Les étudiants en théologie, pas forcément les plus sérieux, disent que les derniers mots de Jeanne d'Arc ont été : Descendre, je veux descendre ! Le bourreau lui a alors répondu : T'inquiète pas, t'en auras des cendres ! Cela pose évidemment la question du sens du sacrifice face à un appel à servir Dieu : pour qui, pourquoi, comment, quand, à quel prix ?

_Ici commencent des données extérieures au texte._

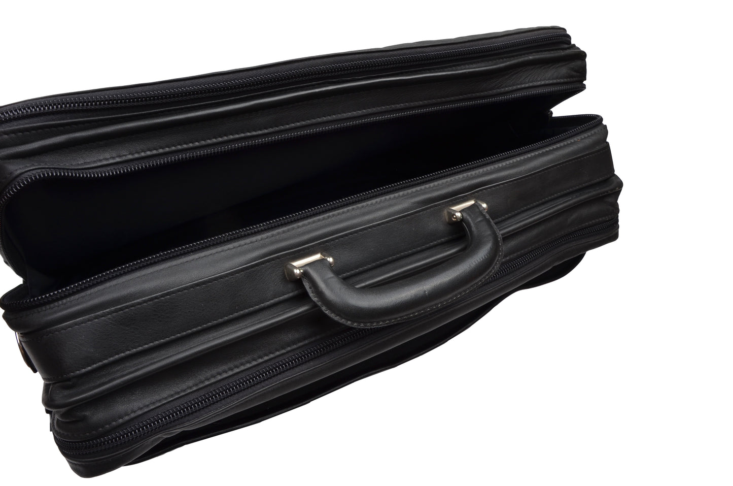 Schwarzer Lederkoffer von Offermann. Modell „der Flugumhänger“.

Peu de temps après avoir commencé les travaux de la réfection du presbytère, le père Nicolas Kakavelakis m'a demandé de m'occuper du catéchisme pour les adultes. L'idée ne me plaisait pas trop car je préfère écrire que parler, et plus encore écouter. Cet exercice m'était totalement étranger et je ne savais pas comment j'allais pouvoir l'aborder. J'ai quand même accepté, le voyant comme une sorte de défi, et je me suis lancé. Je ne voulais pas partir sur l'analyse de textes que, de toute façon, je ne maîtrise pas correctement, mais plutôt prendre des situations de la vie et voir ce que l'on pouvait en dire au regard des responsabilités que l'on a, de la Tradition et de l’Évangile.
Je n'étais pas à l'aise lors du premier cours, mais j'ai pris de l'assurance et me suis occupé de cette activité durant quelques mois, les samedi soirs.

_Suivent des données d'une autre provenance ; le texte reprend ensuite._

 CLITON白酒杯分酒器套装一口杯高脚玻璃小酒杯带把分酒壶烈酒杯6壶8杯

Le père Nicolas a eu des retours positifs, ce qui l'a incité à me demander d'animer la venue de classes de collège. Lorsque les élèves étudient les différentes religions, ils vont parfois visiter des lieux de culte avec leurs enseignants. Il y a donc régulièrement des classes qui viennent visiter l'église grecque durant l'année scolaire. Cela me semblait beaucoup plus facile que pour des adultes parce que les mots devaient rester simples, qu'il y a énormément à dire quand on présente une église au regard de sa tradition, et que c'est toujours le même discours qui sert de base d'une visite à l'autre en ayant la possibilité de prendre du recul pour l'affiner.

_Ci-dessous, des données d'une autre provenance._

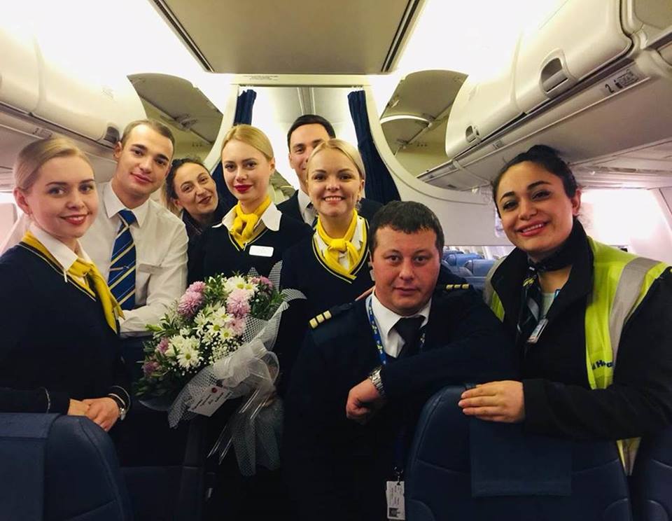 Ukrayna Havayolları’nın 213 yolcusuyla Kiev’den gelen ilk seferinde kabin ekibi çiçeklerle karşılandı.

Il y avait également des questions d'élèves ou d'enseignants qui permettaient de relancer la discussion. Ça aide pour qu'il n'y ait pas de blanc, garder une dynamique et de l'intérêt. Le père Nicolas était là et il intervenait pour compléter ce que je disais, ou répondre à des questions spécifiques. Ce n'est pas tant le contenu que les professeurs ont retenu, mais le fait que les élèves n'avaient pas été dissipés pendant les explications, ce qui semblait les surprendre.
Un jour, après l'une de ces visites, le père Nicolas m'a invité à m'asseoir pour discuter. Il m'a alors dit qu'il y avait quelque chose quand je parlais et qu'il voulait me présenter à l'évêque pour que je devienne prêtre. C'était assorti d'un petit discours traditionnel : Tu sais où est ton cœur, vois-le comme un appel, blabla, blabla....
Ce que l'on ressent dans un moment comme celui-ci est un mélange de plusieurs choses différentes, allant de qu'est-ce que je vais aller foutre dans cette galère à de la satisfaction mêlée à une forme de reconnaissance. Je ne peux pas dire qu'une impression particulière se détachait à ce moment-là. J'ai évité de répondre en disant simplement : Ça veut dire que je vais devoir me marier
Le père Nicolas a alors réalisé que je ne l'étais pas et que c'était une cause d'empêchement canonique qui venait ruiner sa proposition. Il devait me marier d'urgence avant la fin de l'année. Cela me laissait un peu de répit pour savoir ce que je voulais pour moi-même. Que pouvait en penser ma possible future femme ? Mis à part le fait que j'étais un crétin si je lui demandais de l'épouser pour remplir les bonnes cases de critères à respecter ! Sauf si l'on est sûr de son choix, ce qui n'était pas mon cas, il y a de très nombreuses questions qui se posent dans un moment comme celui-là et il convient de les appréhender avec lucidité.
J'ai donc remis ces questions à plus tard et j'ai continué mon travail au presbytère.